• **Task goal**: The whole listing should come back exactly as written, except for the pictures.
### Given data
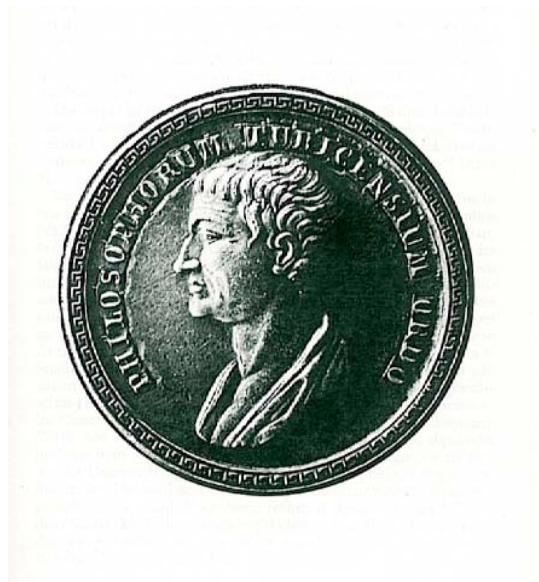
Abb. 4 Das Siegel der philosophischen Fakultät der Universität Zürich mit der Umschrift PHILOSOPHORUM TURICENSIVM ORDO

Wahl eines Bildes von Aristoteles für das gemeinsame Siegel: Die Naturwissenschaften des beginnenden 19. Jahrhunderts sind im deutschen Sprachraum – im Unterschied zu Frankreich und England – stark von naturphilosophischen Gedanken geprägt. 29
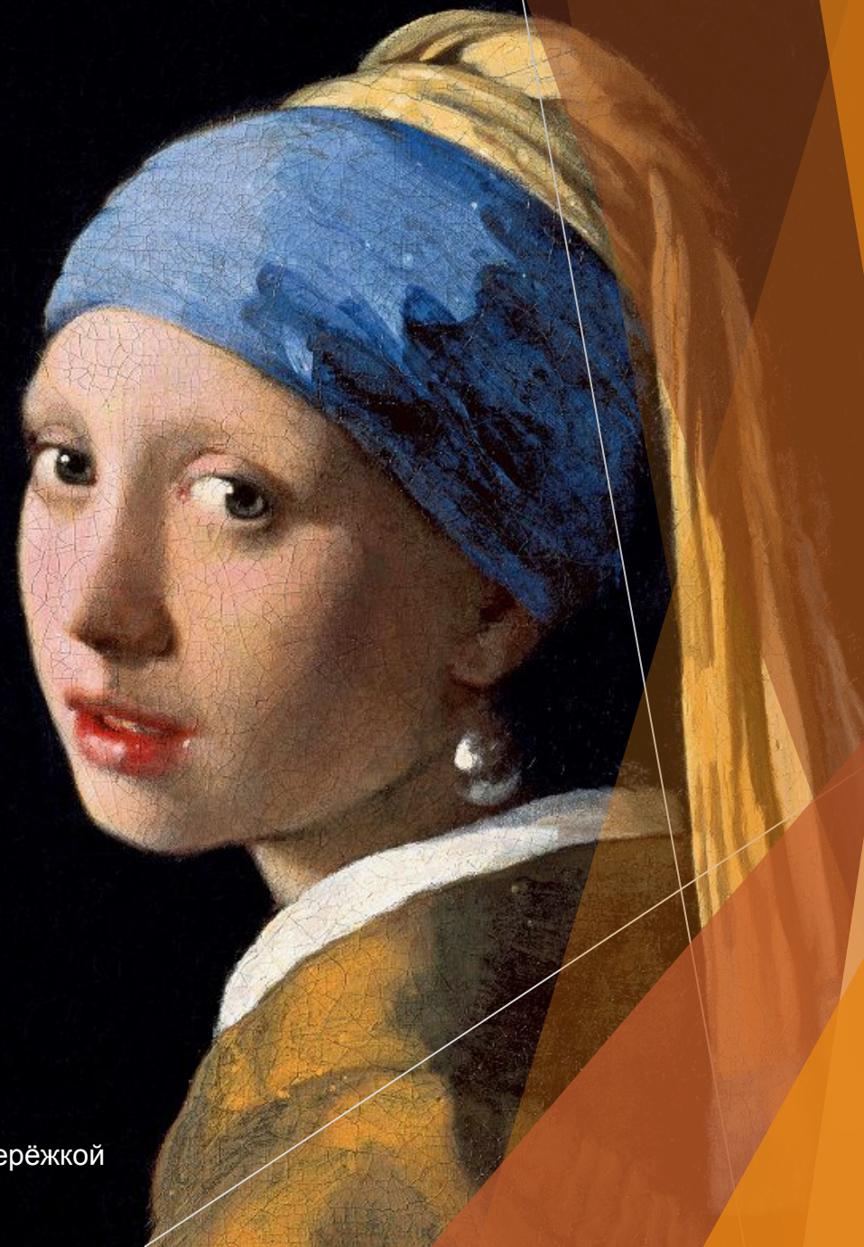
Девушка с жемчужной серёжкой Картина – Ян Вермеер
######
• **Answer box**:
Abb. 4 Das Siegel der philosophischen Fakultät der Universität Zürich mit der Umschrift PHILOSOPHORUM TURICENSIVM ORDO

Wahl eines Bildes von Aristoteles für das gemeinsame Siegel: Die Naturwissenschaften des beginnenden 19. Jahrhunderts sind im deutschen Sprachraum – im Unterschied zu Frankreich und England – stark von naturphilosophischen Gedanken geprägt. 29
Девушка с жемчужной серёжкой Картина – Ян Вермеер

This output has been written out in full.